Originally Posted By: eljefino
Imagine if society was full of people making at least $15 an hour. Just imagine what they would do for your business... buy from it. Who cares about the people, but, man, their flush wallets would be nice to have around.
Someone running a business assuming they can't compete with the guy across the street is ignorant of the macroeconomics of wages being not just an expense but a source of income.
Hogwash. $15/hr is $30k/yr if you work a standard 2000 hours. What are they buying and what should they be buying? Certainly not wasting money in restaurants or buying high profit margin trinkets.
That's why this is self limiting anyway. If people want to be idiots and play the "I deserve" game, making $7.50 or $15 or even more, go ahead. But it's really poor budgeting and is going to catch them or limit them severely when they realize how many hours they have to work to feed their families Big Macs (which will, increase in price). $15/hr is not "making it", but it does topple a lot of the cost structure of the labor component of many businesses. Which means less opportunity as it all flushes out.
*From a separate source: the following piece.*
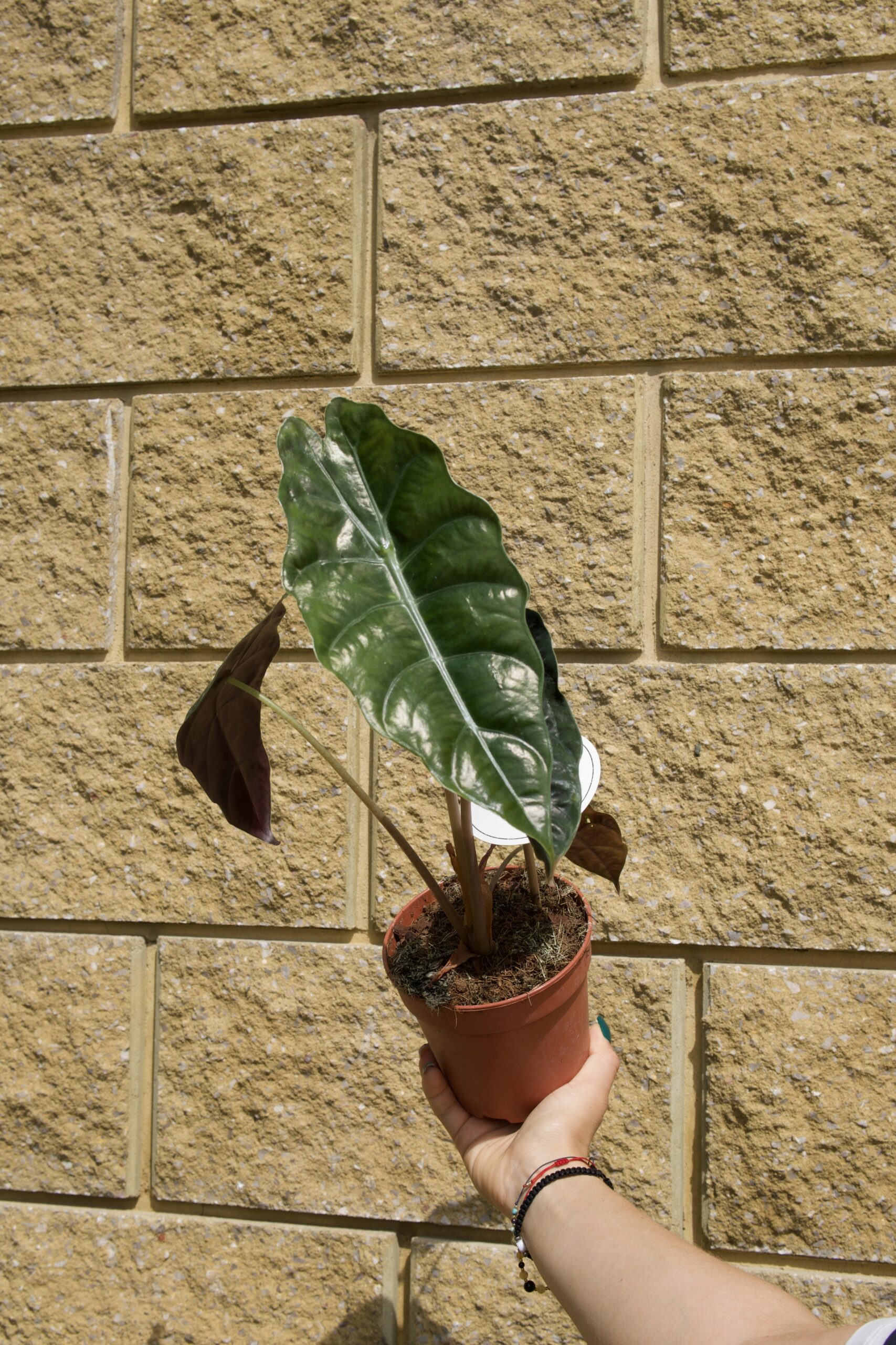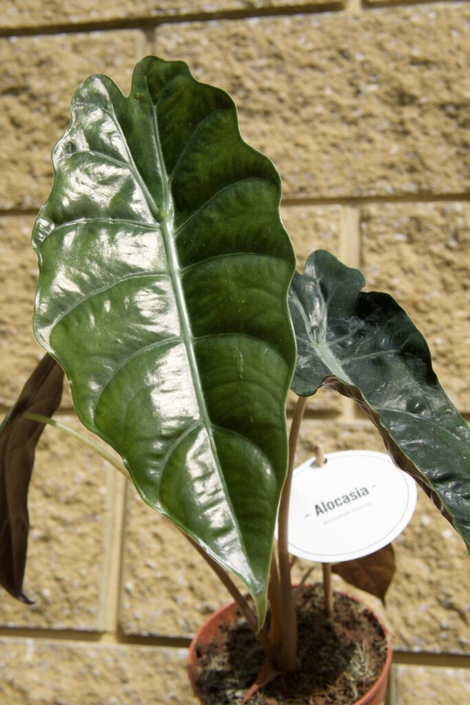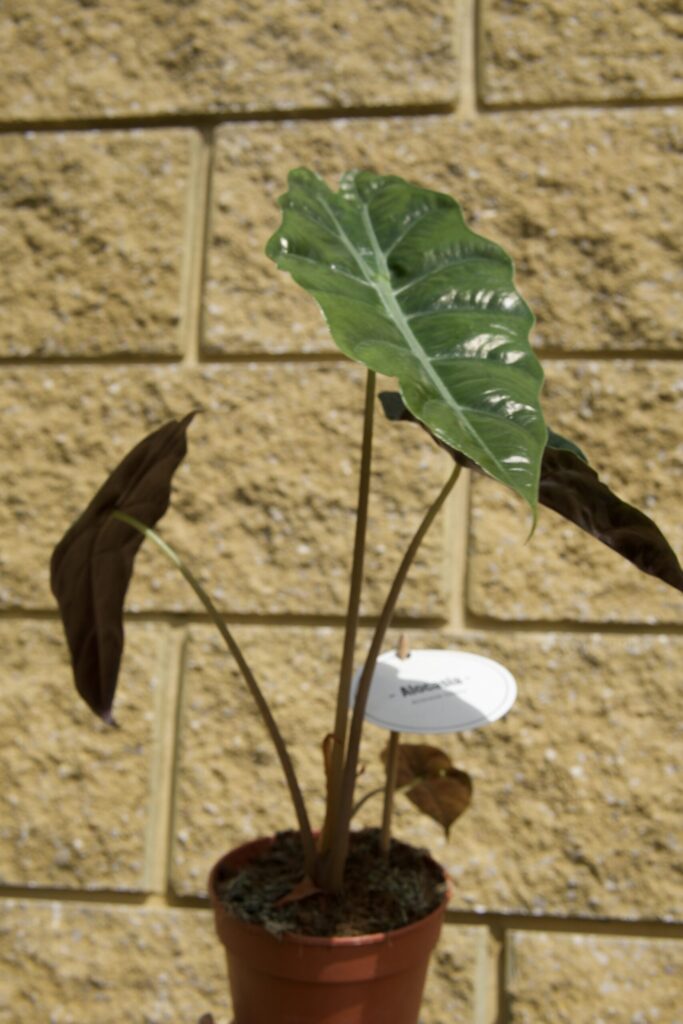 Alocasia Chantrieri to kolekcjonerski rarytas – liście o metalicznym połysku i intensywnym, głębokim zielonym kolorze sprawiają wrażenie "metalicznego lustra". Idealna do wnętrz z klimatem, w których błyszcząca zieleń gra pierwsze skrzypce. Dorasta do oko 40 cm.
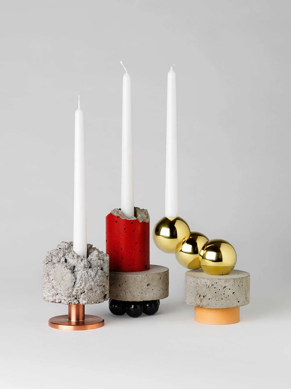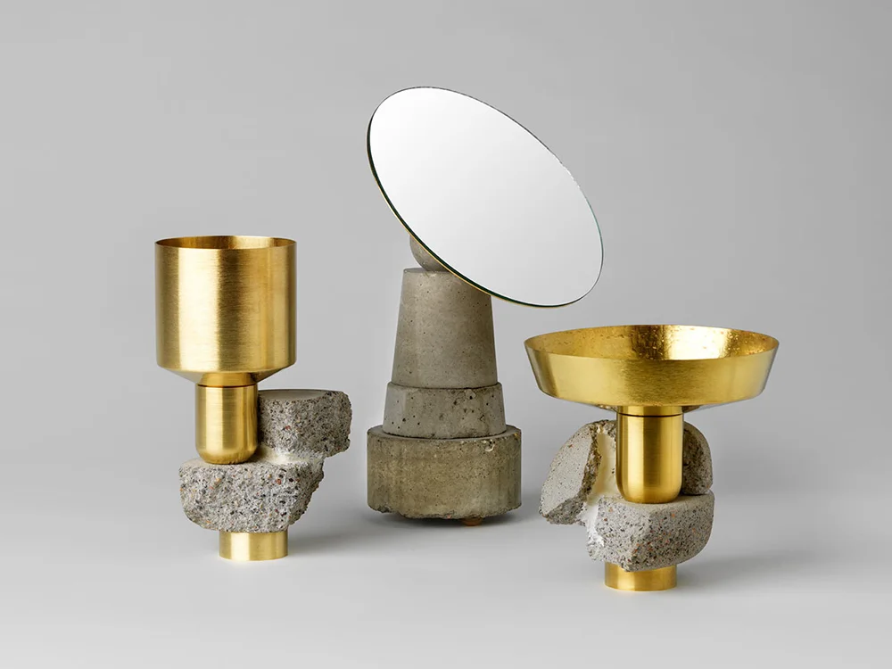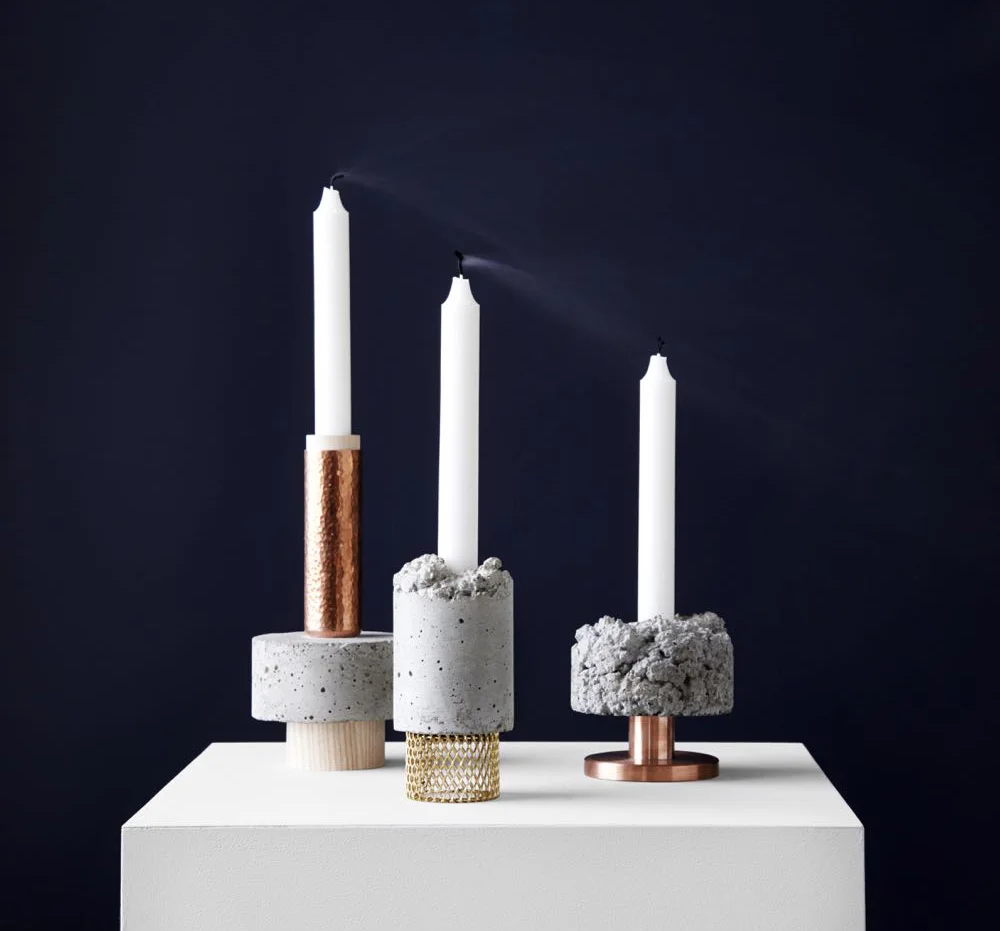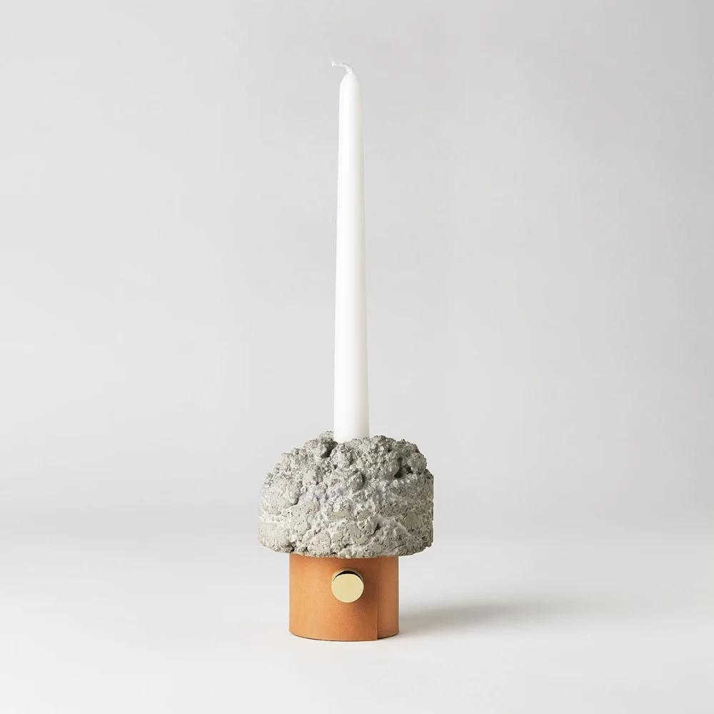 Before Taylor’s Slag collection, there was ‘Crowd’. A uniquely stacked juxtaposition of unexpected materials such as polished brass, rough concrete, bakelite, silver and leather. The playful collection is comprised of 30 unique interchangeable pieces. Components are designed to be continually replaced with new ones, to celebrate a process of continual rejuvenation and reinvention. Taylor employed a full material pallet in this project allowing each candlestick to have it’s own integrity.

It's just a low-tier wealth redistribution. A feel good thing where everyone thinks they'll have twice as much money... Until they don't, or their job is just gone A company could have two $7.50 employees for the price of one $15 employee. Business efficiency dictates the best of all worlds is to get a $7.50 employee to do the job of two people, and gain cost efficiencies. What will happen is that this will be stressed much further, and only the best employees will be retained in jobs (even if they then pay a bit more than $15), and the opportunity at the bottom will be gone. This is because some people are just harder workers than others, some people are smarter than others, and so besides automation and whatever, it will simply drive management and owners to stress the better employees further and remove opportunity for the lowest.